**Task inputs:**
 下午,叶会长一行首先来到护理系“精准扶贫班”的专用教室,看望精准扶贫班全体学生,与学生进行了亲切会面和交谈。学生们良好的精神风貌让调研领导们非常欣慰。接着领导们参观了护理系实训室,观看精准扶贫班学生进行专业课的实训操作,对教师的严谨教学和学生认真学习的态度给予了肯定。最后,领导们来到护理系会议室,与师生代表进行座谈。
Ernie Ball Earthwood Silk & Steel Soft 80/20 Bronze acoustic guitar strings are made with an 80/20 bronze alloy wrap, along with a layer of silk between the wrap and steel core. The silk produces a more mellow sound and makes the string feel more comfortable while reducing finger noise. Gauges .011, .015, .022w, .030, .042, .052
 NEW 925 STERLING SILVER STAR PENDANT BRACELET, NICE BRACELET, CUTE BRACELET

* * *

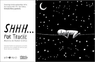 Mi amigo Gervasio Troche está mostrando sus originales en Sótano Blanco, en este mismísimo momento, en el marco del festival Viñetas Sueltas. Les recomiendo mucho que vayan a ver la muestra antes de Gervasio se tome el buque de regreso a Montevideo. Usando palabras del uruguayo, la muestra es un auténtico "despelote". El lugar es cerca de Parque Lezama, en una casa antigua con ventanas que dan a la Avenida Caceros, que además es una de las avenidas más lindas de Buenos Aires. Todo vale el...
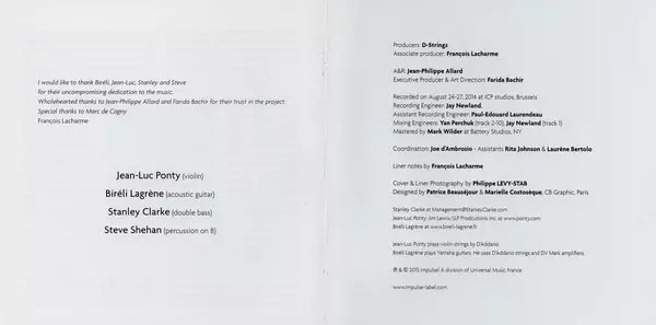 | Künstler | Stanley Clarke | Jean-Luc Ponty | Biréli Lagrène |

* * *

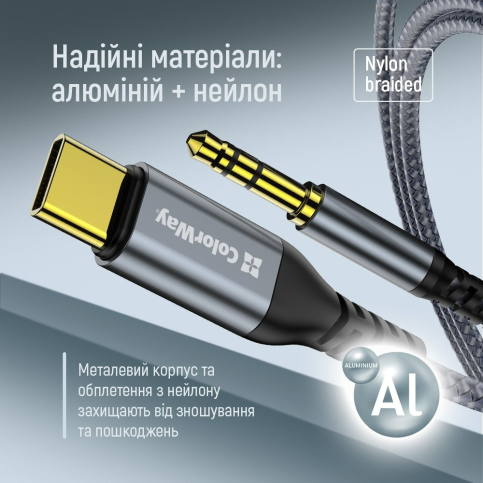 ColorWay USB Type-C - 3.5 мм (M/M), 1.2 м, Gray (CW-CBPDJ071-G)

**Task description:**
Taking the lines above, repeat exactly those from the line that contains "下午,叶会长一行首先来到护理" through the line that contains "NEW 925 STERLING", and both of those lines as well. Include nothing else.

**Answer to this exercise:**
 下午,叶会长一行首先来到护理系“精准扶贫班”的专用教室,看望精准扶贫班全体学生,与学生进行了亲切会面和交谈。学生们良好的精神风貌让调研领导们非常欣慰。接着领导们参观了护理系实训室,观看精准扶贫班学生进行专业课的实训操作,对教师的严谨教学和学生认真学习的态度给予了肯定。最后,领导们来到护理系会议室,与师生代表进行座谈。
Ernie Ball Earthwood Silk & Steel Soft 80/20 Bronze acoustic guitar strings are made with an 80/20 bronze alloy wrap, along with a layer of silk between the wrap and steel core. The silk produces a more mellow sound and makes the string feel more comfortable while reducing finger noise. Gauges .011, .015, .022w, .030, .042, .052
 NEW 925 STERLING SILVER STAR PENDANT BRACELET, NICE BRACELET, CUTE BRACELET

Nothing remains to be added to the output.